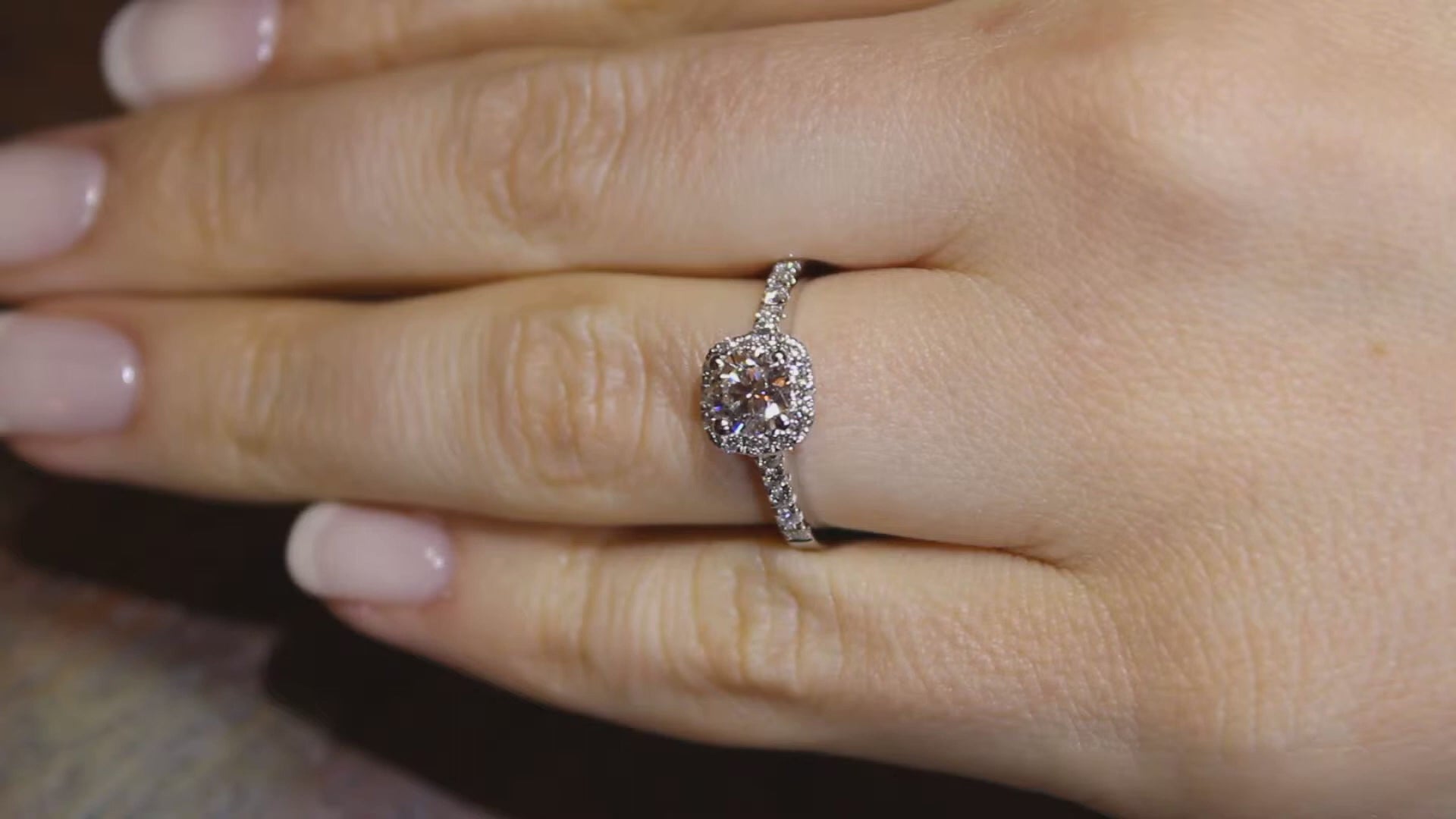 Round Cut Halo Diamond Engagement Ring named ‘Harriot’ has a stunning round brilliant centre stone. A beautiful halo containing 18 round brilliant diamonds surrounds the centre stone. 9 round brilliant scallop set diamonds adorn the fabulous shoulders of the ring. This style is much sought after and is a much-desired diamond ring. The ring pictured has a centre stone of 1.05ct E SI1 certified by GIA. The halo and shoulder melee stones are .36ct. The total carat weight of this ring is 1.41ct.
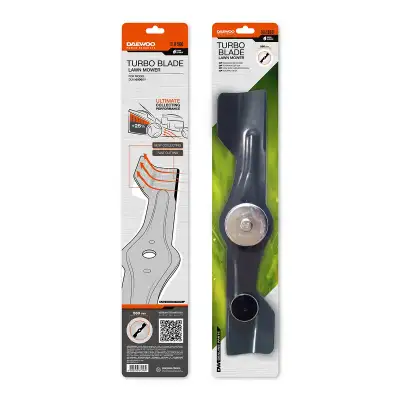 Специальная изогнутая форма ножа и лопастей создают вихревой поток, затягивающий траву
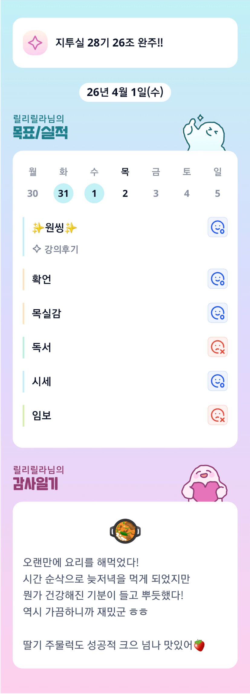 릴라님 만나서 반가웠어요 ! 4월 힘내세요 !
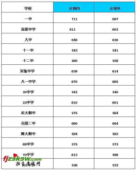 乌鲁木齐市2010年普通高中一批次各学校录取分数线公布如下:
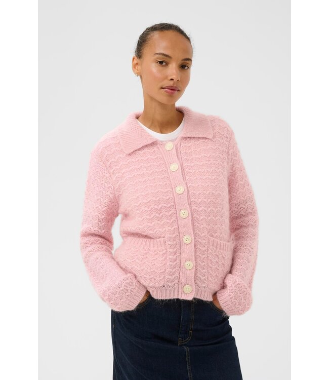 The model is 174 cm tall and wears a size M. This soft pink cardigan in a mohair blend features a delicate open-knit pattern, large buttons, and front pockets. The collar adds a classic touch, while the cropped fit creates a modern silhouette. Perfect over a T-shirt or dress for a feminine and cozy look.
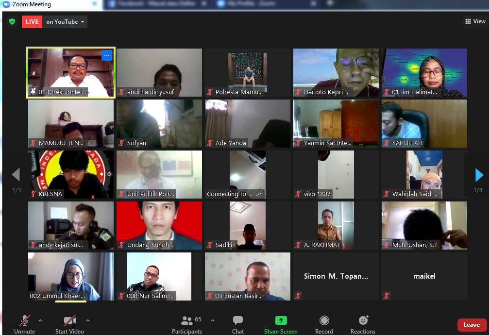 Mamuju, Inisulbar.com, -Forum Kewaspadaan DIni Masyarakat (FKDM) Sulawesi Barat menggelar Diskusi Virtual bertajuk Terpaan Ekstrimisme dan Terorisme di Dunia Maya, Selasa (1/11/2020)
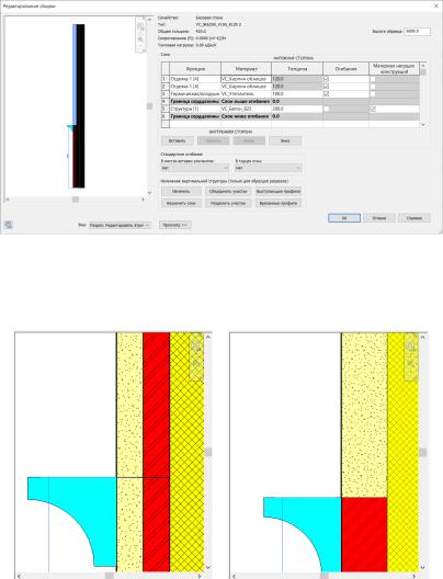 Выделим снова нашу базовую стену, в свойствах выберем «Изменить тип», в структуре «Изменить». Вставим еще один слой – «Отделка 1». Оба материала должны иметь половину исходной толщины: 120 / 2 = 60 мм.
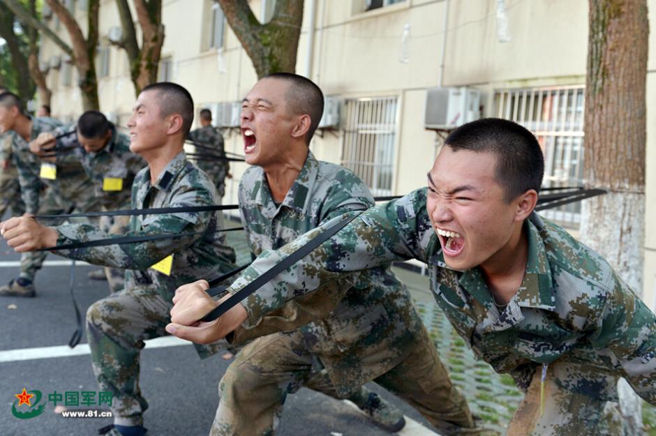 解放军新兵训练杀气四射 狂吼拉树挥板砖

—————

Your reply should restate the data above word for word and contain no pictures.

 Round Cut Halo Diamond Engagement Ring named ‘Harriot’ has a stunning round brilliant centre stone. A beautiful halo containing 18 round brilliant diamonds surrounds the centre stone. 9 round brilliant scallop set diamonds adorn the fabulous shoulders of the ring. This style is much sought after and is a much-desired diamond ring. The ring pictured has a centre stone of 1.05ct E SI1 certified by GIA. The halo and shoulder melee stones are .36ct. The total carat weight of this ring is 1.41ct.
 Специальная изогнутая форма ножа и лопастей создают вихревой поток, затягивающий траву
 릴라님 만나서 반가웠어요 ! 4월 힘내세요 !
 乌鲁木齐市2010年普通高中一批次各学校录取分数线公布如下:
 The model is 174 cm tall and wears a size M. This soft pink cardigan in a mohair blend features a delicate open-knit pattern, large buttons, and front pockets. The collar adds a classic touch, while the cropped fit creates a modern silhouette. Perfect over a T-shirt or dress for a feminine and cozy look.
 Mamuju, Inisulbar.com, -Forum Kewaspadaan DIni Masyarakat (FKDM) Sulawesi Barat menggelar Diskusi Virtual bertajuk Terpaan Ekstrimisme dan Terorisme di Dunia Maya, Selasa (1/11/2020)
 Выделим снова нашу базовую стену, в свойствах выберем «Изменить тип», в структуре «Изменить». Вставим еще один слой – «Отделка 1». Оба материала должны иметь половину исходной толщины: 120 / 2 = 60 мм.
 解放军新兵训练杀气四射 狂吼拉树挥板砖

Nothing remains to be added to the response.